* THE PROBLEM
Verbatim output, no pictures: the lines from the beginning of the material through the line with "Julia’s own quilts", both ends kept.
========
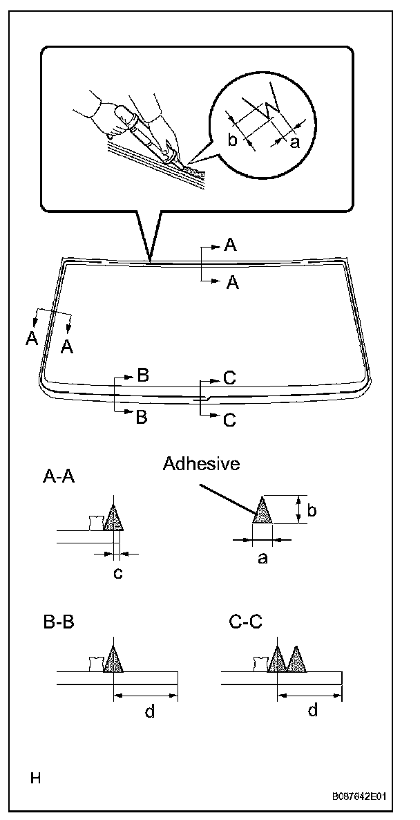 3. Apply adhesive to the windshield glass as shown in the illustration.
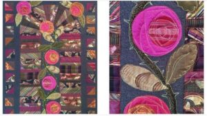 Julia’s own quilts show a great variety too, from her quilted roses above, to this striking quilt made from a silk Indian saree below.
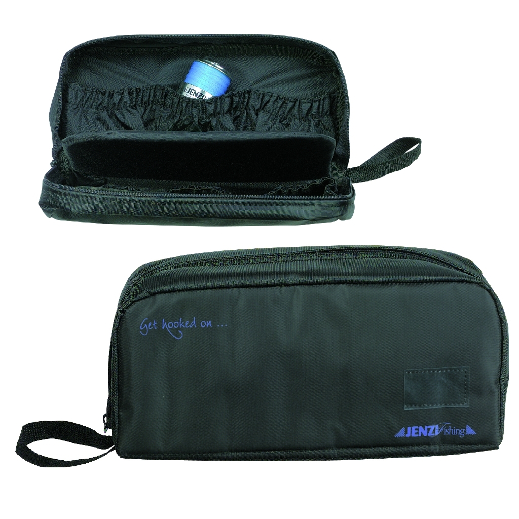Etui-Mappe für Ersatzspulen. Eines der wichtigsten Utensilien für die Brandungsangelei und Meeresangler sind die bereits fertig bespulten Ersatzspulen. Geräumiges Etui für mind. 6 Ersatzspulen. Breite und starke Innenpolsterung. Material: 100% Nylon. Maße: 35 x 10 x 17 cm
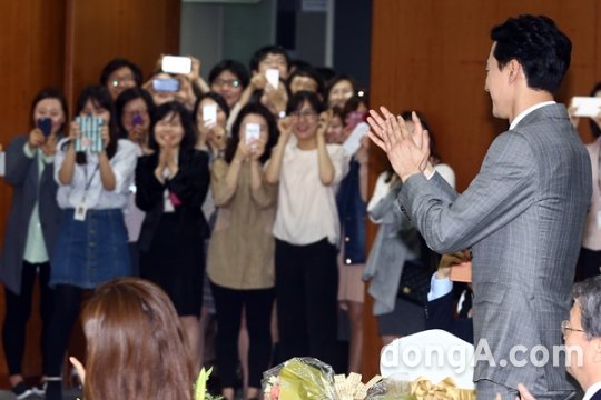 배우 조인성이 26일 오전 서울 서울지방국세청에서 열린 2016 국세청 홍보대사 위촉식에 참석해 기립박수를 치고 있다.
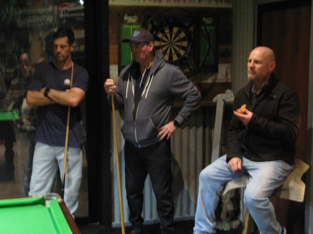 Well now for the deciding frame, so tight and every one had a hand in potting some great balls but we were into the final 2 balls with the Hanley crew 13 points up, Harry had a shot on the pink and it sat in the pocket enabling Pat to sink that and then sink the black, so after 3 frames we are square. There is again a coin thrown into the air and the Hanley’s win the toss and send in Pat and Bruce, after some discussion Pat said to Bruce I will play it safe and asked Bruce what he will do and Bruce stated I will have a go, so that was the decision.
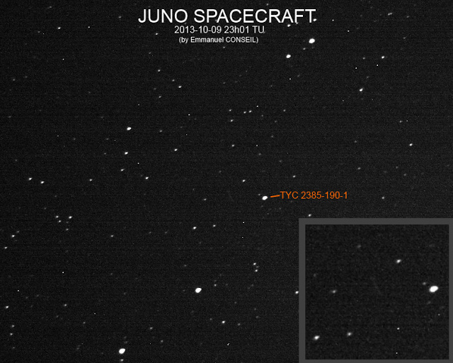 Three and a half hours after Juno passed by Earth on Oct. 9, 2013, French observer Emmanuel Conseil captured a faint image of the spacecraft. Juno appears as a faint streak here, to the left of the bright star labeled "TYC 2385-695-1," which is in the constellation Perseus. Conseil imaged the spacecraft at a time when its
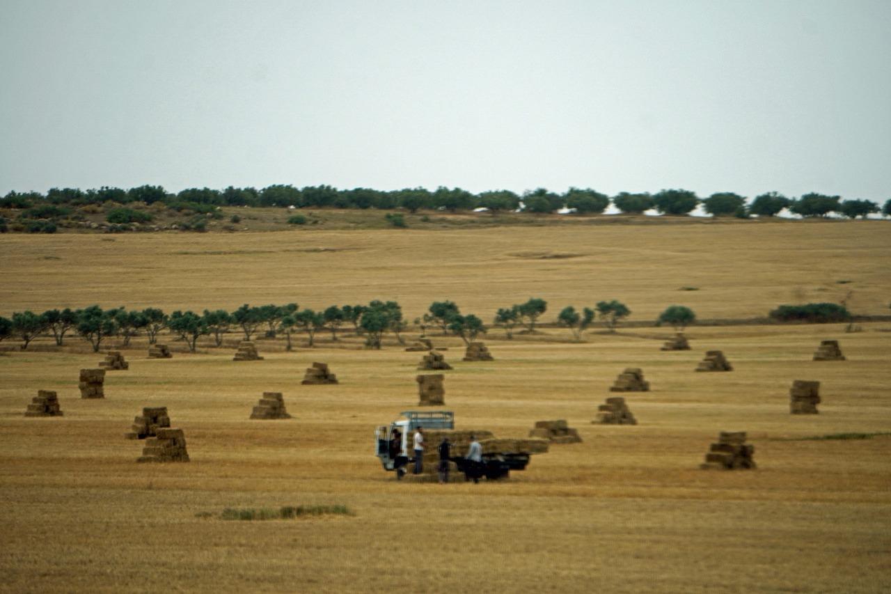 牧草地では刈り取った草を四角い束にまとめています。これはチュニジアではポピュラーな牧草の保存方法のようです。日本でポピュラーなロールベールラップサイロというビニールでラッピングする方法は見掛けませんでした。ロールベールの場合牧草は発酵することにより栄養価は変わらないようですが、家畜の嗜好性が関係するようです。
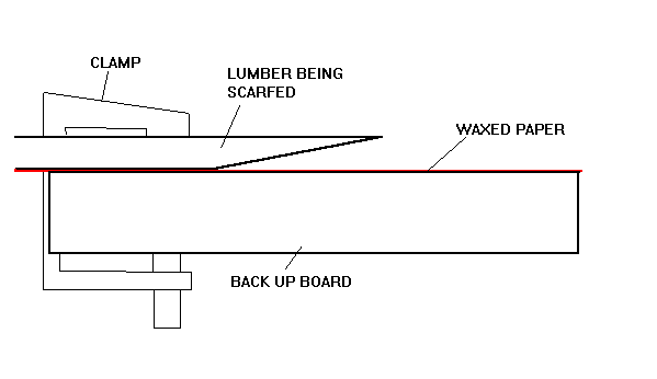 DON'T PLAY WITH THE SCARFED LUMBER UNTIL THE GLUE HAS CURED REALLY HARD! It may take a few days, depending on your glue and your climate conditions. Almost no glues set well below about 70 degrees. When I did the Birdwatcher mast scarfs it was in the middle of a wicked winter. I cut the scarfs with the router fixture, glued and clamped them up, covered them with a blanket blasted a salamander kerosene heater under the blanket. It got well over 100 degrees under there and they cured very quickly. Those scarfs are still holding!
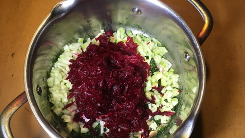 Последний и самый важный компонент — это, конечно, свекла, которая уже сварилась. Чистим ее и натираем на крупной терке туда же, в кастрюлю. Основа для холодника практически готова.
========
* EXPECTED ANSWER
 3. Apply adhesive to the windshield glass as shown in the illustration.
 Julia’s own quilts show a great variety too, from her quilted roses above, to this striking quilt made from a silk Indian saree below.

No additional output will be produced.